Now, back to the question of invoking “kindness,” and “compassion”
and “respect” for one’s enemies, as an equally important, relevant and operative
principle of ethics and morality in the lives of individuals and organizations,
not to mention cultures, including schools, colleges, universities and churches.
We all desire a reduction in the incidence of vindictive justice, if indeed
that phrase, “vindictive justice,” is not an oxymoron, on which much of our pursuit
of justice is impaled. We want to transform our enemies into our friends, at
least as an ideal to which we give lip service. And yet, what if that ideal
were more important than warranting mere lip service?

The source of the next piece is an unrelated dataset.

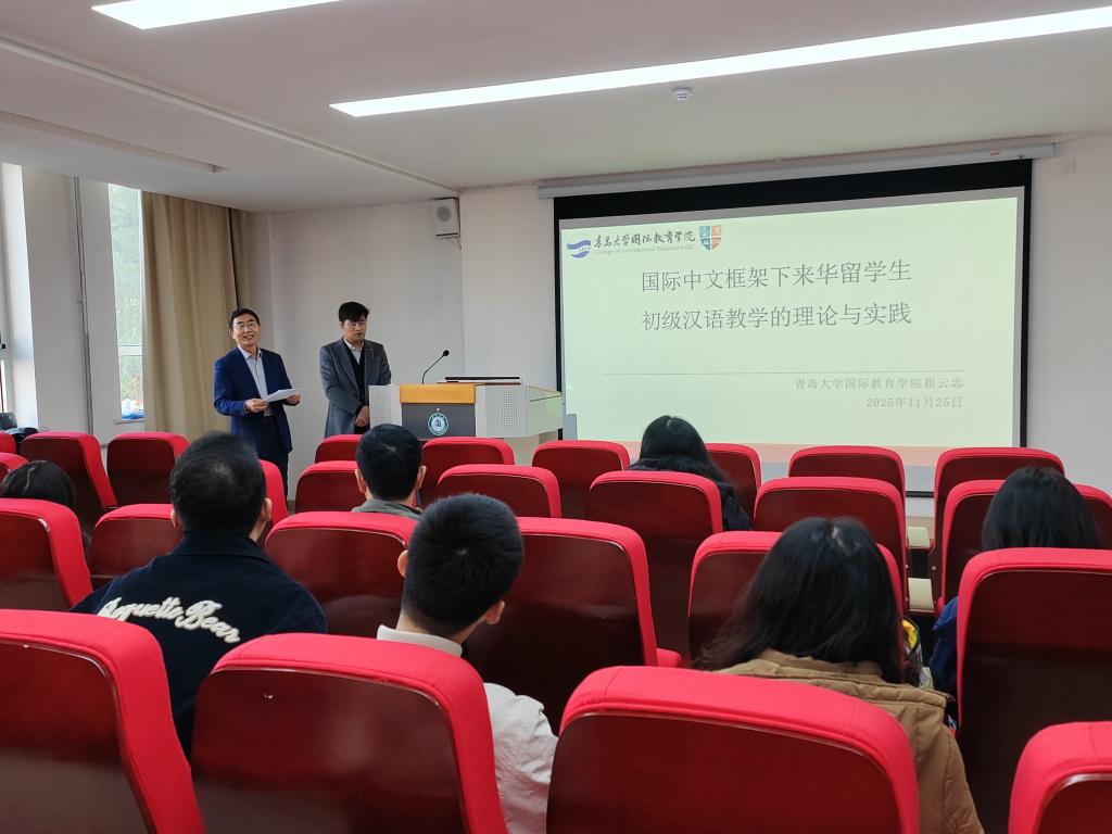 为进一步加强内涵建设,提升国际中文教学质量,全面推进留学生教学工作高质量发展,11月25日上午,国际教育学院在健行楼215报告厅举办教学能力提升专题讲座。本次讲座特邀青岛大学国际教育学院副院长崔云忠,以《国际中文教学途径与方法探究》为题进行分享,全体国际中文授课教师参与学习。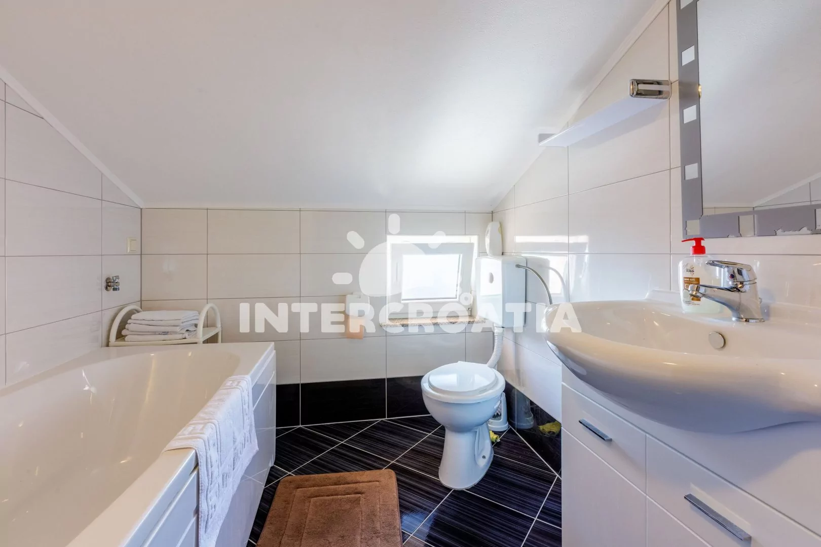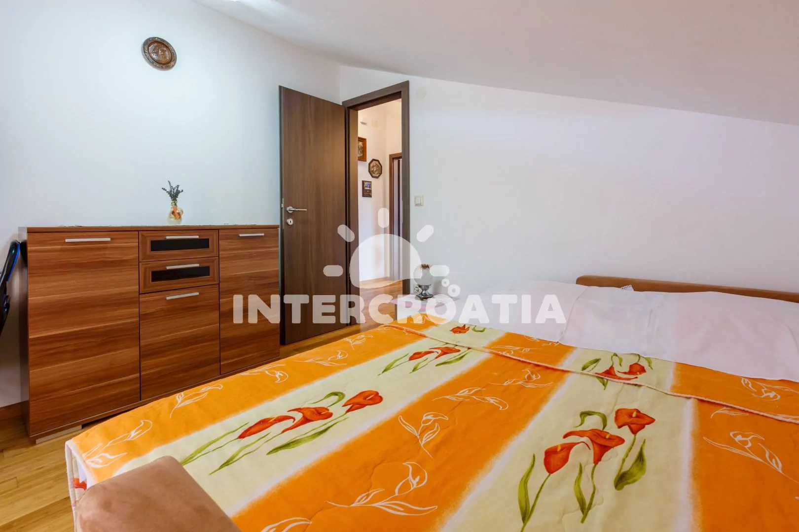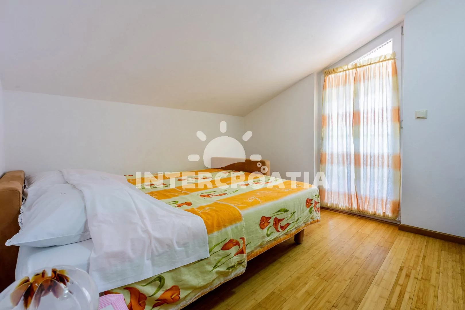 Podkrovní apartmán (65 m2) s terasou a výhledem na moře je vhodný pro 4 až 5 osob. Obývací pokoj je spojený s kuchyní. Kuchyňská linka je vybavena varnou deskou, troubou, rychlovarnou konvicí, nádobím a lednicí s mrazákem. Obývací pokoj s jídelním stolem pro 6 osob, pohovkou (rozložitelná na extra lůžko pro 1 osobu), televizí se satelitním programem a klimatizací. První Ložnice s jedním dvoulůžkem. Druhá ložnice s rozložitelným lůžkem pro 2 osoby a vstupem na terasu. Koupelna s vanou, umyvadlem a wc. Hostům je k dispozici parkování u objektu zdarma.

For the state, we have elected and appointed “professional
experts” who are charged with adjudicating the prosecution of justice. And we
have to hope and trust (“while verifying,” tipping our hat to President Reagan)

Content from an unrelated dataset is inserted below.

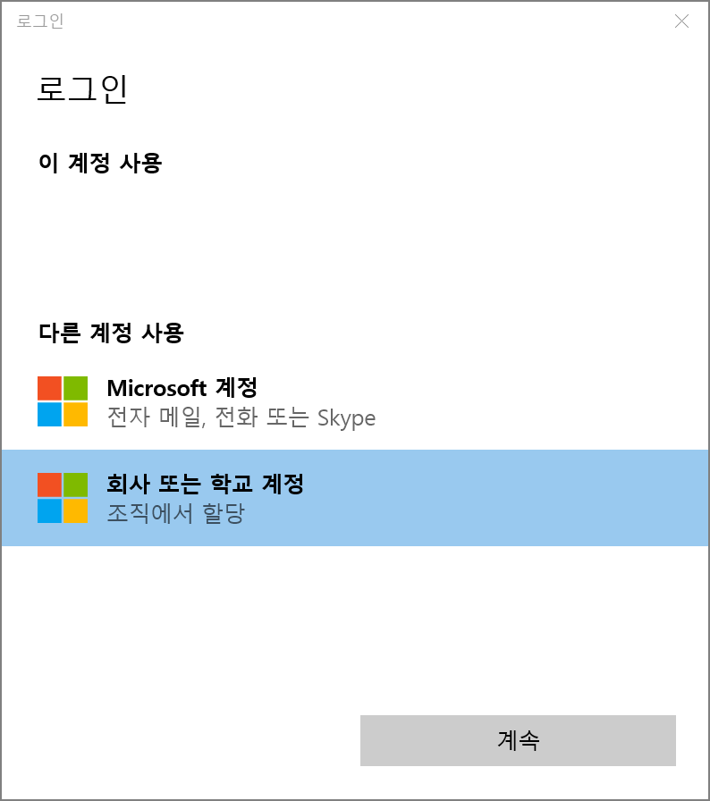 Microsoft 계정 로그인 팝업이 출력되며 해당 로그인을 통해 로그인을 진행합니다.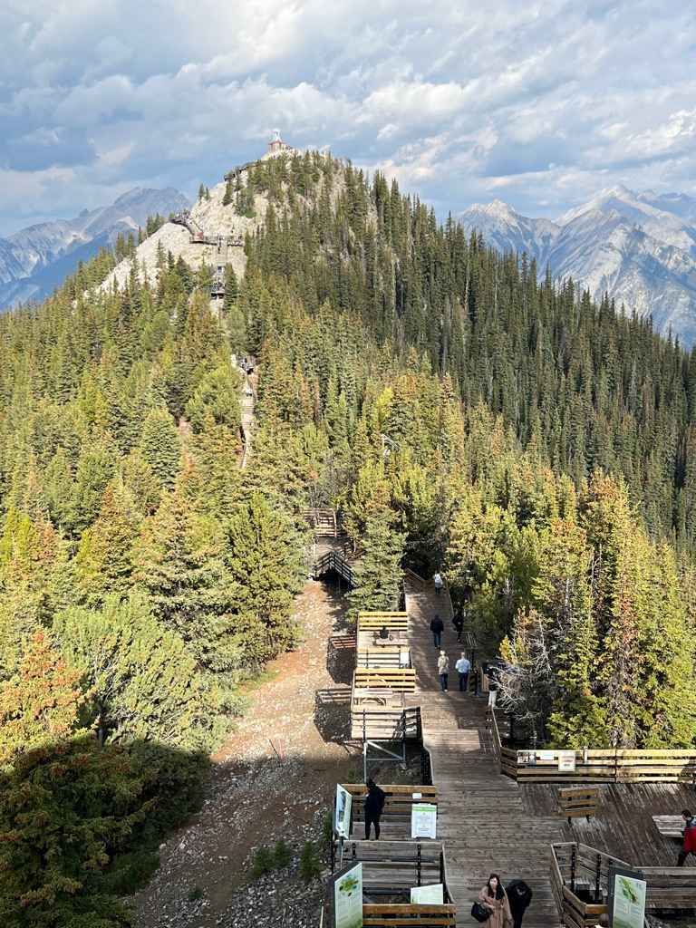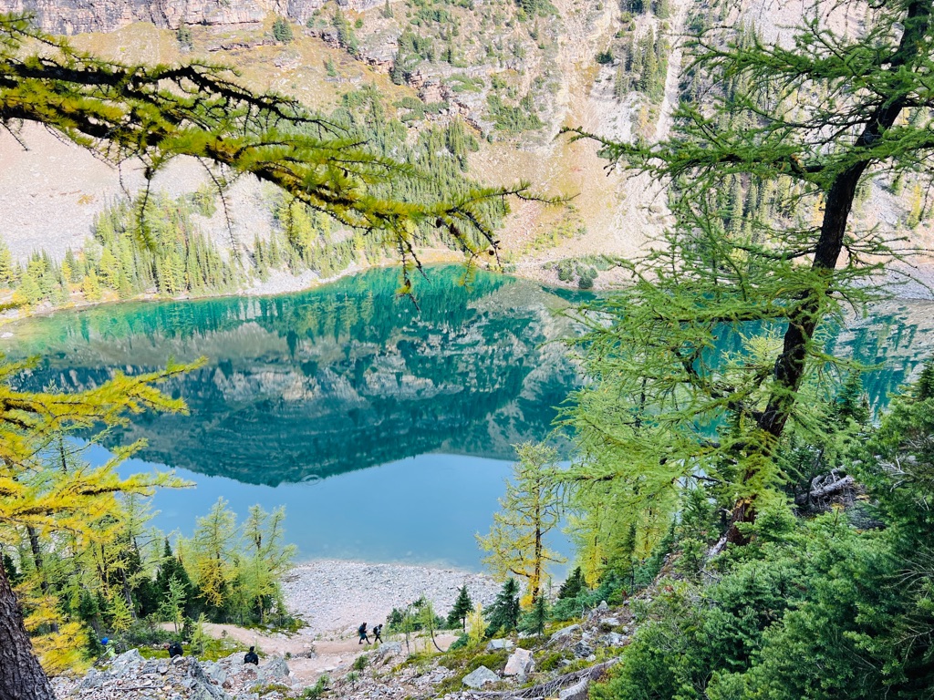 Climbing up switchbacks above Lake Agnes

that those professionals will serve our better angels, not or most base
instincts. White police officers shooting young unarmed black men in the back,
is not indicative of a justice system in
which we can or will entrust our loyalty and confidence, regardless of our
race. A dominant white majority that shamefully, or worse carelessly and
blindly, imprisons a vast majority of indigenous and racially profiled young
men, as happens in Canada, is also not a justice system in which Canadians can
or do have trust and confidence.
And so, while we can and do dispute how our justice
system operates to carry out the law, we have a residual question about how
justice, and especially faux justice through revenge, floats through the
atmosphere/ethos of our shared culture. And that means how each of us confront
our own experiences of injustice, oppression, racial profiling, alienation, and
potentially injury and death. Only recently, a fourteen-year-old was murdered
outside his school in Hamilton, after a social and educational system failed
him according to his mother. Other teens have taken their lives following
repeated bullying on social media. These incidents are not results based
exclusively on the new digital technology. They are the work of human beings,
themselves over-wrought, suffering and perhaps even lost long before they inflicted
their violence. Our North American culture, however, is loath to pay more than
lip-service to the problems of those who inflict vengeance and violence. In
part, we are all enmeshed in a culture of ‘instant gratification’ and a kind of
literalism that, while insatiably devouring the gory details of each and every
violent act, turns a blind eye, a deaf ear, and an denying mind and concentration
to the plight of the obviously guilty offender.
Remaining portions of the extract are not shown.